Последний решил явно последовать примеру сестры и, женившись на Катюшке Белородько после свадьбы Егора и Таньки, возвести бывшие дружеские отношения родичей в неразбиваемый квадрат. Сочная фигурой в мать, и шустрая умом в отца, Екатерина, как она наказала звать себя всем, нравилась в деревне многим ребятам. Больше всех на неё имел виды Денис Зуев. Но шансов понравиться девушке у него не было. Дело было даже не в противной рыжине, коренастости и прыщавости, щедро унаследованных Денисом от дядьки Михаила. Мало ли по деревням ходило мужиков с такой внешностью, и даже ещё похлеще. Все они, благодаря деревенской закалке, выглядели более-менее прилично лет до тридцати. Едва же перевалив этот возраст, парни резко осаждались, грузнели, вываливались наружу сальными складками животов, боков и двойных подбородков, коряжились из рубах толстыми шеями, топорщились на люд выпученными самогонно-пивными краснюками глаз, слюнявились затёртыми лысинами или кучерявились слипшимися остатками волос. Денис Зуев исключение из правил не составлял. Но физическая неприязнь являла в нём лишь побочную причину того отвращения, что вызывал он у многих. Главной доминантой для брезгливости был всё же стервозный характер, в котором заносчивость слов вполне конкурировала с развязностью манер. Даже несмотря на несметные, по местным меркам, богатства, Екатерина, при встрече с Денисом, отшивала любые намёки и пряталась за среднего брата и его дюже умного приятеля.

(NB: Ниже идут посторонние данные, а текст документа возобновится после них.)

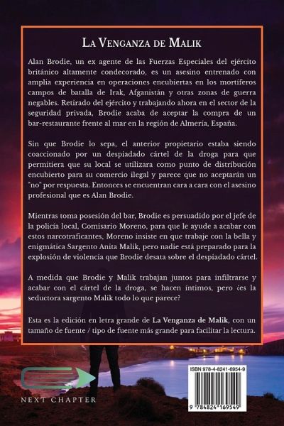 Alan Brodie, un ex agente de las Fuerzas Especiales del ejército británico altamente condecorado, es un asesino entrenado con amplia experiencia en operaciones encubiertas en los mortíferos campos de batalla de Irak, Afganistán y otras zonas de guerra negables. Retirado del ejército y trabajando ahora en el sector de la seguridad privada, Brodie acaba de aceptar la compra de un bar-restaurante frente al mar en la región de Almería, España. Sin que Brodie lo sepa, el anterior propietario estaba siendo coaccionado por un despiadado cártel de la droga para que permitiera que su local se utilizara como punto de distribución encubierto para su comercio ilegal y parece que no aceptarán un "no" por respuesta. Entonces se encuentran cara a cara con el asesino profesional que es Alan Brodie. Mientras toma posesión del bar, Brodie es persuadido por el jefe de la policía local, Comisario Moreno, para que le ayude a acabar con estos narcotraficantes, Moreno insiste en que trabaje con la bella y enigmática Sargento Anita Malik, pero nadie está preparado para la explosión de violencia que Brodie desata sobre el despiadado cártel. A medida que Brodie y Malik trabajan juntos para infiltrarse y acabar con el cártel de la droga, se hacen íntimos, pero ¿es la seductora sargento Malik todo lo que parece? Esta es la edición en letra grande de La Venganza de Malik, con un tamaño de fuente / tipo de fuente más grande para facilitar la lectura.
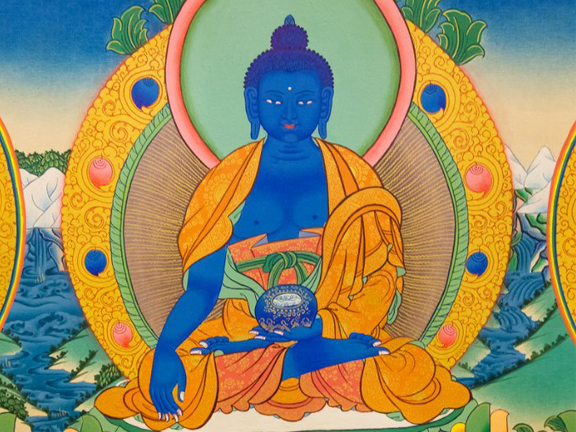 Первый из пяти будд — Акшобхья, Невозмутимый, — помещается в восточной точке мандалы. Его род носит имя Ваджра, поскольку сила, мощь и энергия перуна сочетаются в нём с блеском, чистотой и несокрушимостью алмаза.

– Я, Артём от твоих « ви хайс ду» балдею больше, чем от денисовых заманов, – объясняла девушка ревнивому другу детства.

– Погоди, Катька, поживёшь ты ещё со мной по райским уголкам, —счастливо обещал подружке полиглот, окрылённый ясной простотой девичьих глаз.

– Не перестанешь звать меня «катькой», и не мечтай про такое, – требовала Катюха.

А Артём широко и ласково улыбался:

– Мне ведь можно. Я – свой. – В пацанячьих понятиях «катька» было самым нежным и доверительным, что не позволялось более никому.

Думая про детей, Анна ушла в себя. Она прекрасно понимала, что временить с потомством не стоит. Года шли. По российским меркам женщину, не родившую до двадцати пяти лет звали в акушерско-гинекологических аналах «пожилой первородящей». Анна, в свои тридцать три, уже давно перевалила этот рубеж, рискуя перейти в категорию «старых рожениц». Старение женщина чувствовала реально. С недавнего времени она стала замечать у себя то первые морщинки в уголках рта, то мешки под глазами при пробуждении, то уловимый запах собственного пота. Не говоря уже о появившихся ломоте в пояснице, головных болях, непонятных приступах раздражительности.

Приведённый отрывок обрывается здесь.